[Stored entries]
◆ ◆ ◆ ◆ ◆ ◆ ◆

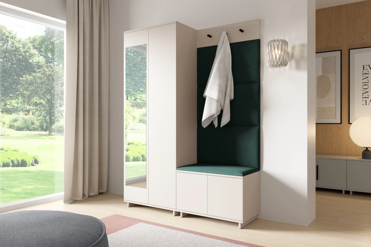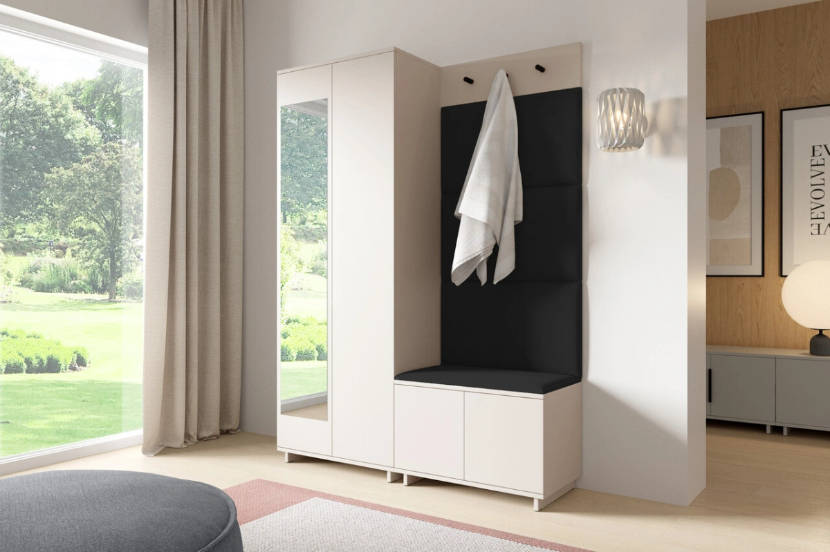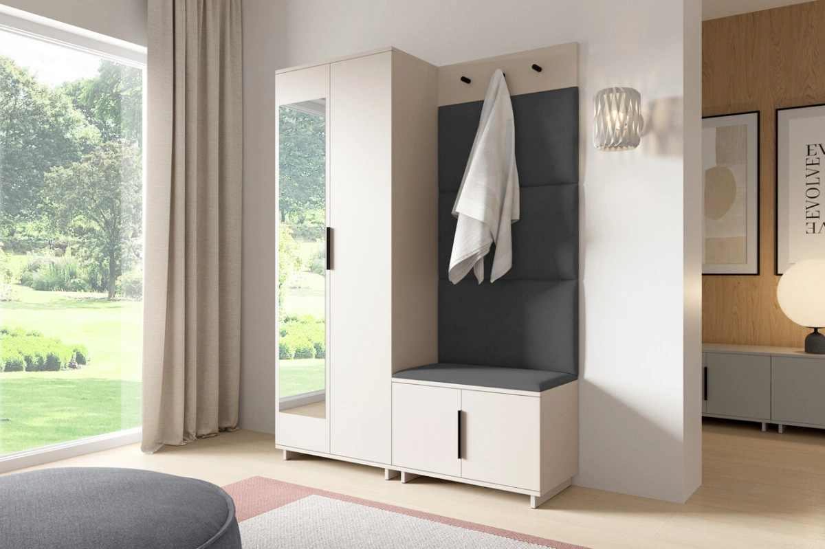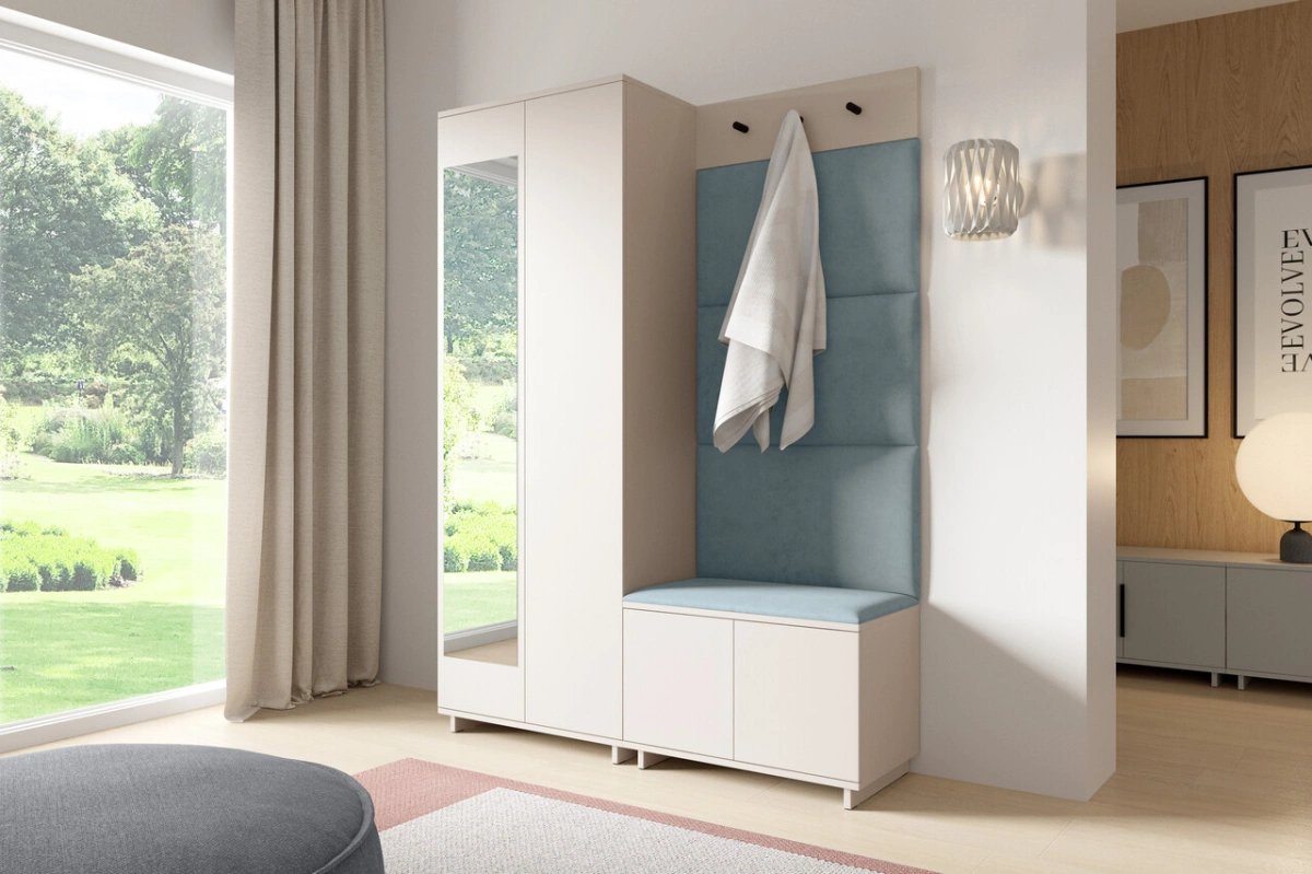 „Bianko 3“ apmuštą spintą sudaro 70 cm ilgio spinta, 70 cm ilgio batų spintelė, kabykla paltams ir apmuštos panelės:
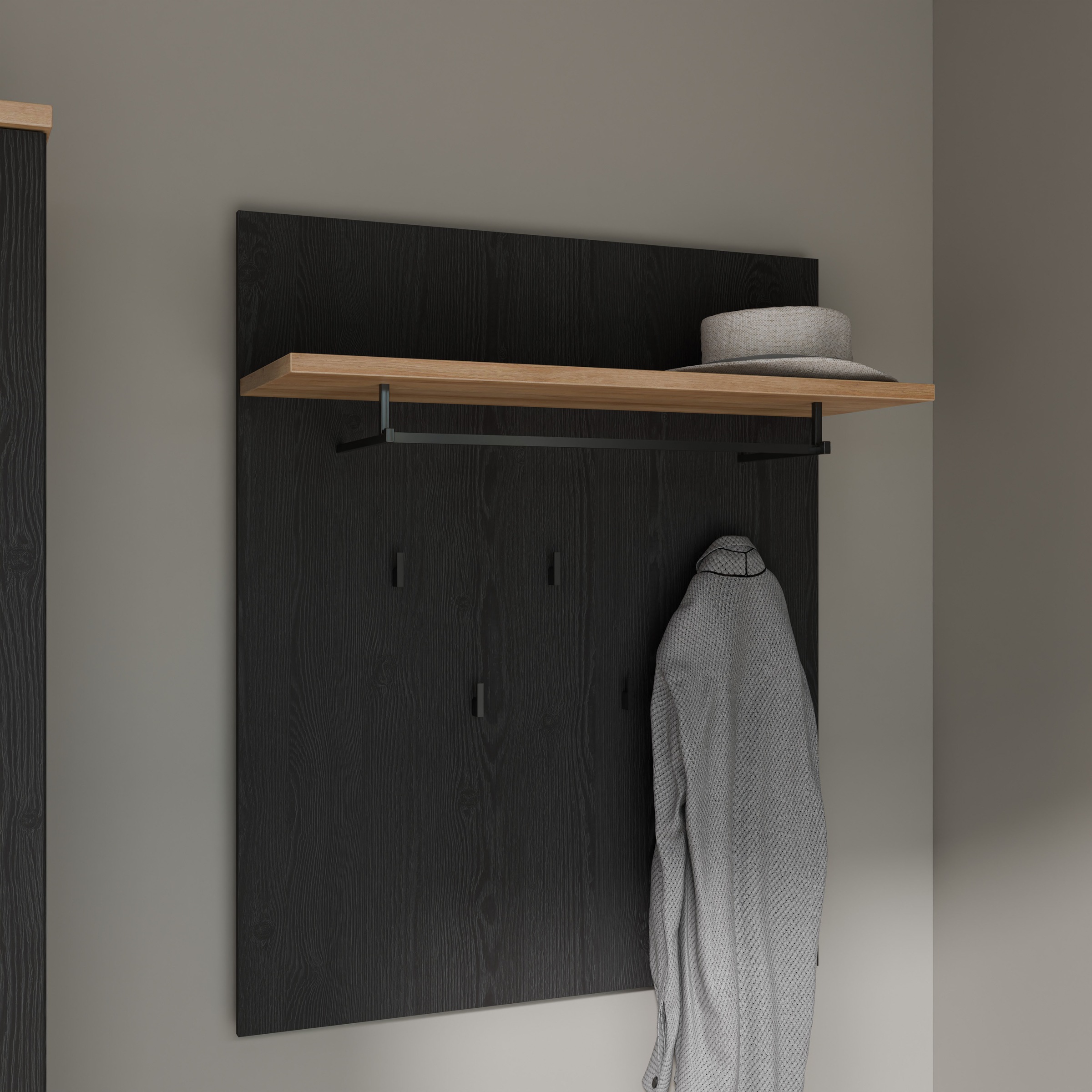+ Farben - Garderobenpaneel »Bohol Paneel 5 Haken, Kleiderstange, Ablageboden« B/H/T 86,5/1056/30 cmFORTEUrsprünglicher PreisUVP 159,00 €Rabatt- 79,00 €Aktueller Preis80,00 €
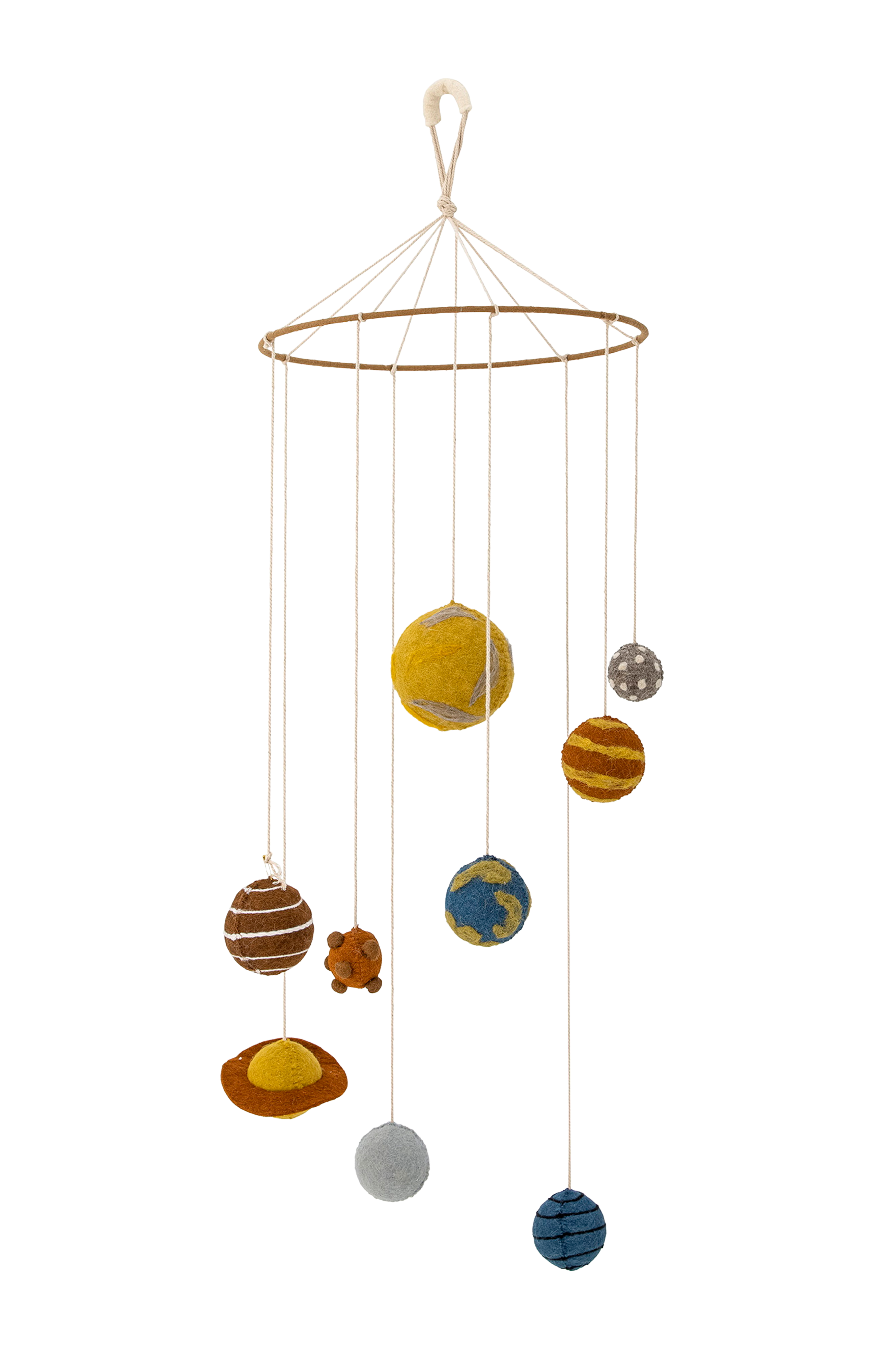 Bloomingville minin space -mobiili on valmistettu villasta, ja se kuvaa kiehtovaa aurinkokuntaamme. Tämän mobilen avulla lapset voivat tutustua planeettoihin sekä hauskalla että viihtyisällä tavalla. Täydellinen yhdistelmä oppimista ja koristelua! D30xh90 cm
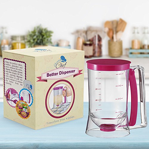 This dispenser neatly deposits the perfect amount of batter, resulting in consistently sized cupcakes that will bake evenly. Use for pancakes or other desserts too. Plastic. Hand wash. 4-cup capacity
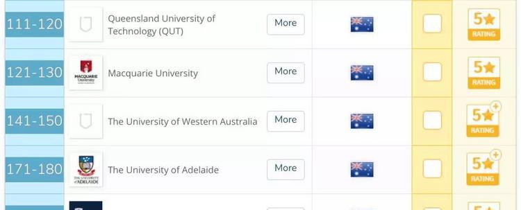 从中我们可以看出其中不仅仅是八大的就业率高,其中四星大学也表现突出,尤其UTS和RMIT。UTS和RMIT的个别专业在世界排名十分靠前,甚至比八大排名还靠前,在这次的排名毕业生的就业率排名上也超过很多其他澳大利亚知名大学。
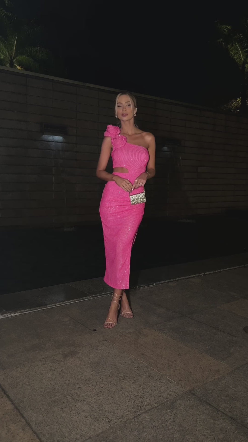 Todo glamour do paetê cor-de-rosa + modelagem exclusiva e aplicação de maxi flores feitas à mão.

◆ ◆ ◆ ◆ ◆ ◆ ◆

The records above need retyping in full. Omit the pictures, and change nothing else.

◆ **SOLUTION TO THIS EXERCISE**:
 „Bianko 3“ apmuštą spintą sudaro 70 cm ilgio spinta, 70 cm ilgio batų spintelė, kabykla paltams ir apmuštos panelės:
+ Farben - Garderobenpaneel »Bohol Paneel 5 Haken, Kleiderstange, Ablageboden« B/H/T 86,5/1056/30 cmFORTEUrsprünglicher PreisUVP 159,00 €Rabatt- 79,00 €Aktueller Preis80,00 €
 Bloomingville minin space -mobiili on valmistettu villasta, ja se kuvaa kiehtovaa aurinkokuntaamme. Tämän mobilen avulla lapset voivat tutustua planeettoihin sekä hauskalla että viihtyisällä tavalla. Täydellinen yhdistelmä oppimista ja koristelua! D30xh90 cm
 This dispenser neatly deposits the perfect amount of batter, resulting in consistently sized cupcakes that will bake evenly. Use for pancakes or other desserts too. Plastic. Hand wash. 4-cup capacity
 从中我们可以看出其中不仅仅是八大的就业率高,其中四星大学也表现突出,尤其UTS和RMIT。UTS和RMIT的个别专业在世界排名十分靠前,甚至比八大排名还靠前,在这次的排名毕业生的就业率排名上也超过很多其他澳大利亚知名大学。
 Todo glamour do paetê cor-de-rosa + modelagem exclusiva e aplicação de maxi flores feitas à mão.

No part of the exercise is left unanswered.